The oyster card holder has died. Over a decade of service and its time has come to an end. Two halves joined by flexible plastic that were slowly rent asunder by use beyond its design.


Although the card holder is one of the original designs, your correspondent was not an early adopter.

Concerns about privacy caused delays. Over the next few years, regular press releases from TfL about how popular the Oyster card was proved to be no lure for this reluctant converter.

It was a deliberate policy by TfL to cause a massive price difference to emerge between the cost of a paper ticket and the Oyster that eventually caused a conversion from one to the other.

Principles can last only so far when faced with such additional cost burden.

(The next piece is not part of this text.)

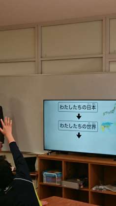 これまでの学習で、食べ物などとからめて、日本や世界について学習をしてきました。日本、世界と来て、次は、「宇宙?」かと、一瞬考えましたが、そんなことを考えている間に子供たちから正解が出ました。

Thus the first oyster card holder was acquired. A replacement for the pocket wallet as well, it has long carried credit cards and various library membership cards.


The outside pocket long a convenient location for the most used payment card has long since fractured away to being of little use other than offering a fraying shard of plastic to catch on unwary clothing.

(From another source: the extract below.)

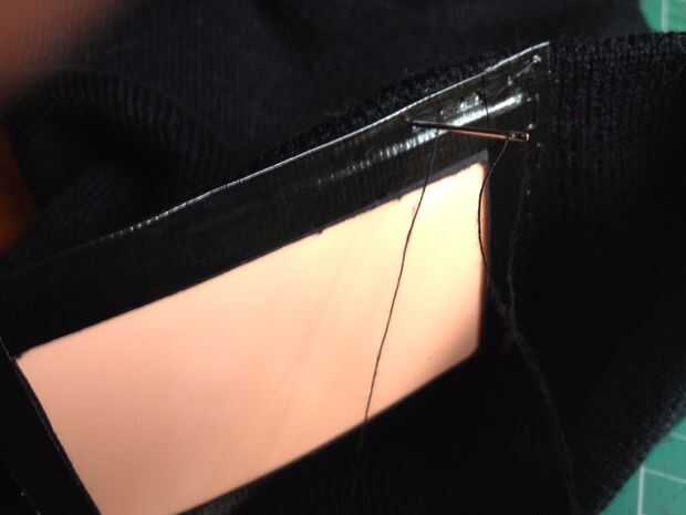 Ahora coser el panel en su lugar pasando por el borde de la cinta de celo en los 3 bordes.

The small corrugated fold becoming more used in recent years thanks to dire warnings not to mix up oyster and contactless. Where card holder was used unopened, now every journey required one side to touch the ticket barrier in isolation from the other half.

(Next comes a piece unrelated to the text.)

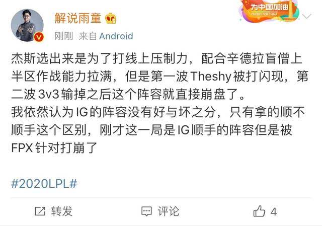 而雨童则是直言IG崩盘落败原因:“杰斯选出来是为了打线上压制力,配合辛德拉盲僧上半区作战能力拉满,但是第一波Theshy被打闪现,第二波3v3输掉之后这个阵容就直接崩盘了。我依然认为IG的阵容没有好与坏之分,只有拿的顺不顺手这个区别,刚才这一局是IG顺手的阵容但是被FPX针对打崩了!”

From barely used, the join in the two halves of the oyster card holder spent its last few years working more vigorously than it had ever been designed to cope with.

Finally, with a last gasp, it gave up. Torn asunder by overuse. One oyster card holder was now two.

Years of loyal service untimely curtailed.

A decade of a person’s life has been defined by that little blue wallet. Thousands of visits to shops where goods were paid for by revealing the oyster card holder, and within, the credit card it contained.

Every transaction, every purchase, shops, pubs, museums, all triggers by the presence of the blue wallet. But every wallet had its time, and time that has to come to an end. The final journey completed. The final purchase made.

The oyster card wallet is dead. Long live the oyster card wallet.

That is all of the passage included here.